Jesus Christ. He had never said anything like that before. I was very careful.

“You mean I could date somebody else?” I said.

“Yes,” he said. “I could, too.”

I felt the shimmer of jealousy tingle through my chest.

“I don’t know if that will work,” I said.

“If it doesn’t we’ll modify it,” Richie said. “Be good to start this time with no rules.”
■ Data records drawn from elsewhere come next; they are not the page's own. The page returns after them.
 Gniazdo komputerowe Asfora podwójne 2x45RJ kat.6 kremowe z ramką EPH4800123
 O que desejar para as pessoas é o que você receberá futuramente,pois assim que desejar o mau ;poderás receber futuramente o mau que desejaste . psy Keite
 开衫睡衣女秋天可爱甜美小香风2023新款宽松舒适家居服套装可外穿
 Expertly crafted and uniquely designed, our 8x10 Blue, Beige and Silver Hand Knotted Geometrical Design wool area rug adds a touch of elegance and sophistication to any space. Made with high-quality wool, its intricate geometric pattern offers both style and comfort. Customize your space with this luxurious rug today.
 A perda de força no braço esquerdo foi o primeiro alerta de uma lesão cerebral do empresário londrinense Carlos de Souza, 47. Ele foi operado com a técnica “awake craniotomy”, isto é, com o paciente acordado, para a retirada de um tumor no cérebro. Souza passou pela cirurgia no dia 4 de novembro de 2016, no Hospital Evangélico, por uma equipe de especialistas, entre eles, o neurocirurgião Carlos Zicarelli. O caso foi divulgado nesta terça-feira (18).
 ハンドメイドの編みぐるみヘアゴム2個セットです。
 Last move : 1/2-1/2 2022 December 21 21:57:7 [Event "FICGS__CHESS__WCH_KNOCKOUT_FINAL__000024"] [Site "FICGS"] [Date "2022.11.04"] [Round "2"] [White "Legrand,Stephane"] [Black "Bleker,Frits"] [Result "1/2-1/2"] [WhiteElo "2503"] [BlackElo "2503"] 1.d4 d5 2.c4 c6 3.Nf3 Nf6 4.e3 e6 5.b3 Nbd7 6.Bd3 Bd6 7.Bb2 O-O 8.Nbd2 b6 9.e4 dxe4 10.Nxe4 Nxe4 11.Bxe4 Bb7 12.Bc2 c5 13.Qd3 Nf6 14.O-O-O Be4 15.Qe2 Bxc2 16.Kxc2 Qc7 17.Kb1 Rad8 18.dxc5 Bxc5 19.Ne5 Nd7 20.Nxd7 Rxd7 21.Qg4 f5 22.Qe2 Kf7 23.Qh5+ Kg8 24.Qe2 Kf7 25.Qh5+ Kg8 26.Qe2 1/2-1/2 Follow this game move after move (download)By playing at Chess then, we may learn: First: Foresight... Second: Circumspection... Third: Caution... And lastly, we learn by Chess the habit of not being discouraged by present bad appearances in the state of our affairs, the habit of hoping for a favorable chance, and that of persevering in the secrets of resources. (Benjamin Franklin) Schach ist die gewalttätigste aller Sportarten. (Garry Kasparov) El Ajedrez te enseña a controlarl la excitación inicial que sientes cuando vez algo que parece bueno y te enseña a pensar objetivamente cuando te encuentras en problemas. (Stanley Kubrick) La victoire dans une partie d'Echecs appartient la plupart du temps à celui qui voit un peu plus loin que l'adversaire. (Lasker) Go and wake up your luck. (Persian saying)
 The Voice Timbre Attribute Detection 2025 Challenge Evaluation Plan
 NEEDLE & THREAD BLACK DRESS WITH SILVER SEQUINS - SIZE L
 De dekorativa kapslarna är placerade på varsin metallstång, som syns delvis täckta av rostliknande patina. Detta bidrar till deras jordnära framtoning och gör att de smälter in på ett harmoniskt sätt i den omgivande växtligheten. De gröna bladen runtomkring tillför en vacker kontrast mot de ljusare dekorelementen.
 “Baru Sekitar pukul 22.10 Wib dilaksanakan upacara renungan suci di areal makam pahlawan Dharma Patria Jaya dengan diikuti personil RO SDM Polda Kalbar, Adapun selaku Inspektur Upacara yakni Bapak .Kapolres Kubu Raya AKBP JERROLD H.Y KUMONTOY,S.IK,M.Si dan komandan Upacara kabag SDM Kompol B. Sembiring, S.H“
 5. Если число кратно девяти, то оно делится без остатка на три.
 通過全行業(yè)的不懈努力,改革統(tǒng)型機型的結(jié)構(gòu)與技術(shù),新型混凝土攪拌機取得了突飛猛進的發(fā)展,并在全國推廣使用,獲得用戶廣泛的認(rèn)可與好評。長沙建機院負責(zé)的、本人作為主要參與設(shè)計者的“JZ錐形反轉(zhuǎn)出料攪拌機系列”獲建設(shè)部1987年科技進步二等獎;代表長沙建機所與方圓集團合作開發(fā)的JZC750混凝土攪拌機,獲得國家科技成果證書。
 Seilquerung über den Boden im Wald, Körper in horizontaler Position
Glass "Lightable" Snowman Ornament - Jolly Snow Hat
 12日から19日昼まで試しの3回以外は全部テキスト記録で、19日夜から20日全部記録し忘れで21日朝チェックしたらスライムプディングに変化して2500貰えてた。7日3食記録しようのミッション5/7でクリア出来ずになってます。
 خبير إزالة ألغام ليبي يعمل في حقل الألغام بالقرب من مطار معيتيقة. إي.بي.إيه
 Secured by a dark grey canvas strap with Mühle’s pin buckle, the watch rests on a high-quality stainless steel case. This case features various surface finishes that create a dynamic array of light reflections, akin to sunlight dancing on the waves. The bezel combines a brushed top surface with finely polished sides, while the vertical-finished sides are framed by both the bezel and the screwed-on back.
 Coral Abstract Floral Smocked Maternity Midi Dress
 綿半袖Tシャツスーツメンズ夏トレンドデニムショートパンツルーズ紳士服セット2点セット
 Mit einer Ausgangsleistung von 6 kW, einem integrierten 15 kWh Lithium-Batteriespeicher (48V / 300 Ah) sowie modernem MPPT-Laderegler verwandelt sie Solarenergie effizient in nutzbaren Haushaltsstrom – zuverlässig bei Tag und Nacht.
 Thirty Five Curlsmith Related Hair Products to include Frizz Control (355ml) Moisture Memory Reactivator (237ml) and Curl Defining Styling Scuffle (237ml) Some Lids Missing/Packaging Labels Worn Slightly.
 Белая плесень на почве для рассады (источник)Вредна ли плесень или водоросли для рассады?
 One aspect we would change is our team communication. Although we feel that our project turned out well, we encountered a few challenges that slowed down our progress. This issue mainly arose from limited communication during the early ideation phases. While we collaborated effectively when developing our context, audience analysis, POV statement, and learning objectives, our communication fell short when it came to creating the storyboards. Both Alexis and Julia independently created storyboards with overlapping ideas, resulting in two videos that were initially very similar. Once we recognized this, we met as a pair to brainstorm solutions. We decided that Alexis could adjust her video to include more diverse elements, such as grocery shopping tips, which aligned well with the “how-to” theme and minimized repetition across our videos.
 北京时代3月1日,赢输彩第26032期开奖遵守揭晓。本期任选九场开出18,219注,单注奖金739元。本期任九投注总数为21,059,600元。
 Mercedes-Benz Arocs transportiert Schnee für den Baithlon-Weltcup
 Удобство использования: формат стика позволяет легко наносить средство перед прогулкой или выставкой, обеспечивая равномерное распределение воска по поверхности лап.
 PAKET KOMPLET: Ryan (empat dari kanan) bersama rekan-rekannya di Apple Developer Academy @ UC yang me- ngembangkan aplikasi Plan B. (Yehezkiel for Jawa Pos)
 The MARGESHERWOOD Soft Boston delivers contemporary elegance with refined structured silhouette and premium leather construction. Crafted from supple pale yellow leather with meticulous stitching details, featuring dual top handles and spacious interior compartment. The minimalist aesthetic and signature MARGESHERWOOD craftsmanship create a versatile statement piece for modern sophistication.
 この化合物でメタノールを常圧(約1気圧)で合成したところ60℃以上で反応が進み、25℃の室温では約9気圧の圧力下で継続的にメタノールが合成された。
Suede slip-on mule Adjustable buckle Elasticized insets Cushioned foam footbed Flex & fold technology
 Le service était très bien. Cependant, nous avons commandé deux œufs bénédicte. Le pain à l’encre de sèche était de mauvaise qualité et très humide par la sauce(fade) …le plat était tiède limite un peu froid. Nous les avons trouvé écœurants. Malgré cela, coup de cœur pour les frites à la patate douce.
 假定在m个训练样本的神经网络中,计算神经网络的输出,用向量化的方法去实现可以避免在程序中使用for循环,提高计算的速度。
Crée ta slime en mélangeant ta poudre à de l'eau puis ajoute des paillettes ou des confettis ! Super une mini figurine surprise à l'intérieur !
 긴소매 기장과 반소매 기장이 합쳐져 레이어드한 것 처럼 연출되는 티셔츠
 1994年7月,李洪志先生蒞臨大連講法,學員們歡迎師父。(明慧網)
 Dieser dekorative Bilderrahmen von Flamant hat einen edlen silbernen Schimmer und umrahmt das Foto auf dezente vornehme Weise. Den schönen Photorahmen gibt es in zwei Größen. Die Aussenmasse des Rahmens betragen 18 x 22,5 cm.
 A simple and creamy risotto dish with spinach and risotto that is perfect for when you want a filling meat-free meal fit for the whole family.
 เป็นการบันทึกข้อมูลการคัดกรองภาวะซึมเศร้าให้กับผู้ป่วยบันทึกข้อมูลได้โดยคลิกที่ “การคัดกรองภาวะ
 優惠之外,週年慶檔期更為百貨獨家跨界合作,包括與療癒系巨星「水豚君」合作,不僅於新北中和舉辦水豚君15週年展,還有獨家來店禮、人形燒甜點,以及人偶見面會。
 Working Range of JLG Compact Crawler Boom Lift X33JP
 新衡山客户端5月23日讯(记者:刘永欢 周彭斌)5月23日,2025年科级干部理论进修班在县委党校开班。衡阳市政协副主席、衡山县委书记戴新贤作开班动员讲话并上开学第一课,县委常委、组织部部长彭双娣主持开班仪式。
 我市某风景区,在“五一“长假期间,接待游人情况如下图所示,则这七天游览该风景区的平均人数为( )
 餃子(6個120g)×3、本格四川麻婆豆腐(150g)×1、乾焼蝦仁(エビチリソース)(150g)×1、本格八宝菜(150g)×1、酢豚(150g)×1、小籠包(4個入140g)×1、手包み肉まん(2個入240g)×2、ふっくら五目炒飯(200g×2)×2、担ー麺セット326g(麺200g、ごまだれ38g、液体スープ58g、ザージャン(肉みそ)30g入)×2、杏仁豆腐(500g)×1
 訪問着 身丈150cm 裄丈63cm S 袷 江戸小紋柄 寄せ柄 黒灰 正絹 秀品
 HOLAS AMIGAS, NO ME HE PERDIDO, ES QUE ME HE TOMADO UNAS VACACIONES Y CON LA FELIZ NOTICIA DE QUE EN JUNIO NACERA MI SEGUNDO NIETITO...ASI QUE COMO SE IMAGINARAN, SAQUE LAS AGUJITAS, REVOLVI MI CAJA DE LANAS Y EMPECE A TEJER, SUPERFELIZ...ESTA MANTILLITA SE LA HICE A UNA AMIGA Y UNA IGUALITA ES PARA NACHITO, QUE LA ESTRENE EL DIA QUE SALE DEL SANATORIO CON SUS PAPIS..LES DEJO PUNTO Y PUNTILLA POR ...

“You were the one with the rules last time,” I said.

“Now I’m not,” Richie said.

Richie’s place was on the waterfront. In the stillness I could hear the movement of the ocean outside the picture window.

“Remember how we used to go out every Wednesday night?”

“Yes.”

“We could do that.”

“Yes.”

“And spend the weekends together,” I said. “Like we used to?”

“That would work for me,” Richie said.

“And what happens other days?” I said.

“Don’t ask, don’t tell.”

“Think this will work?”

“We’ll make it work. I can’t imagine life without you either.”

I rolled up onto his chest and put my lips so they brushed his.

“You’re smart for a gangster,” I said.

“I’m not a gangster.”

“You’re smart anyway,” I said.

“Smarter than I was,” Richie said.

Then I kissed him and closed my eyes, and the darkness was all there was.